Menurut seorang pakar kegantengan, penyakit ini sangat sulit bahkan mustahil untuk dihilangkan. Belum ditemukan terapi yang tepat untuk mengatasi penyakit ini. Selain karena uniknya penyakit ini, orang-orang juga malas mengurusi para penderita. Karena para penderita akan selalu berusaha untuk membuktikan bahwa dirinyalah yang paling ganteng di antara yang lain. Maka dari itu disarankan untuk tidak sekali-kali menyangkal omongan ngawur dari si penderita karena dikhawatirkan penyakitnya akan semakin parah. Lebih baik mendiamkan atau membenarkan saja omongan ngawur tersebut. Karena kemungkinan besar si penderita akan merasa puas sehingga tidak akan menyerang lagi. Walaupun ada pula yang terlanjur parah sehingga saat tidurpun dia juga masih memamerkan kegantengan palsunya.

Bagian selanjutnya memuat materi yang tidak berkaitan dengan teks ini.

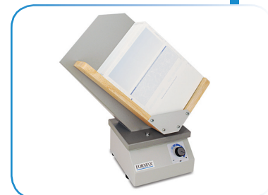
402 Series Jogger - an option which reduces static electricity from forms and aligns them for proper feeding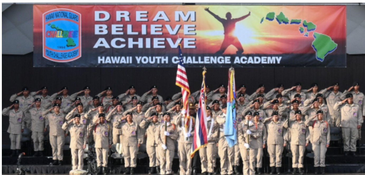
Pictured: Hawaii National Guard Youth Challenge Academy Graduating Class 22-02 (58).

On Thursday, June 15, 2023 the Hawaii National Guard Youth Challenge Academy hosted a graduation ceremony at the Tom Moffatt Waikiki Shell, Honolulu, Hawaii, where sixty-five cadets were recognized for their achievements. Twenty five students departed American Samoa in January 2023 to attend this Academy. One student returned home, and the remaining twenty four students excelled and graduated.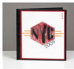
NYC 2009 Mini Album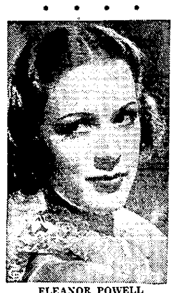
ELEANOR POWELL WMAQ at 9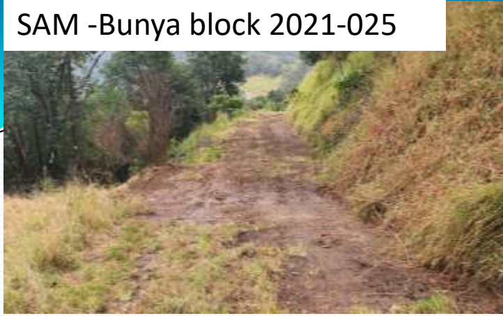
Track works Phil Nash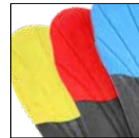
HAIX® Vario Wide Fit System

“Berpenyakit tak selamanya bermasalah. Penyakit Mateng ini dapat memberikan keuntungan pada penderitanya. Seperti meningkatkan kepercayaan diri yang memang merupakan gejala akhir dari penderita. Penyakit ini juga dapat meningkatkan kemampuan debat seseorang. Namun penyakit sepertinya tidak bisa disebut penyakit jika tidak ada kerugiannya. Penyakit Mateng ini tentu banyak kerugiannya. Hal ini memang sangat tidak seimbang jika dibandingkan dengan keuntungannya. Namun memang seperti itulah penyakit seharusnya. Bisa kita lihat para penderita penyakit ini akan dicap "nggak jelas" oleh teman-temannya. Walaupun hal tersebut sepertinya dapat menjadi hiburan tersendiri. Penyakit ini juga dapat menurunkan citra ketampanan seseorang. Karena orang yang sombong sebenarnya tidak memiliki apa-apa.” jelas Ahmadi, seorang teman penderita.

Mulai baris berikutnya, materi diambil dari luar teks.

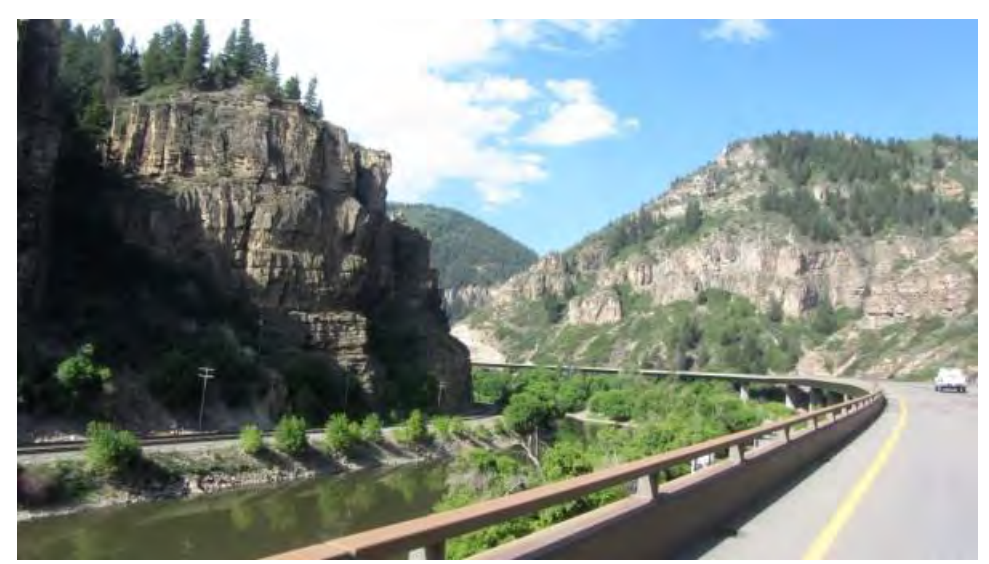
Numerous concrete pillars support the westbound highway deck

Waspadalah terhadap penyakit ini. Selain karena penawarnya belum ditemukan, penyakit ini juga sangat berbahaya dan cukup mematikan. Seperti yang sudah dikatakan tadi, RH adalah orang pertama di MAN Insan Cendekia Serpong yang terkena penyakit ini. Padahal tidak ditemukan seorangpun dari lingkungan terdahulunya yang terkena penyakit tersebut. Artinya, RH lah pembuat virus dari penyakit itu, atau memang dari kebiasaannya sendiri. Waspadalah, waspadalah.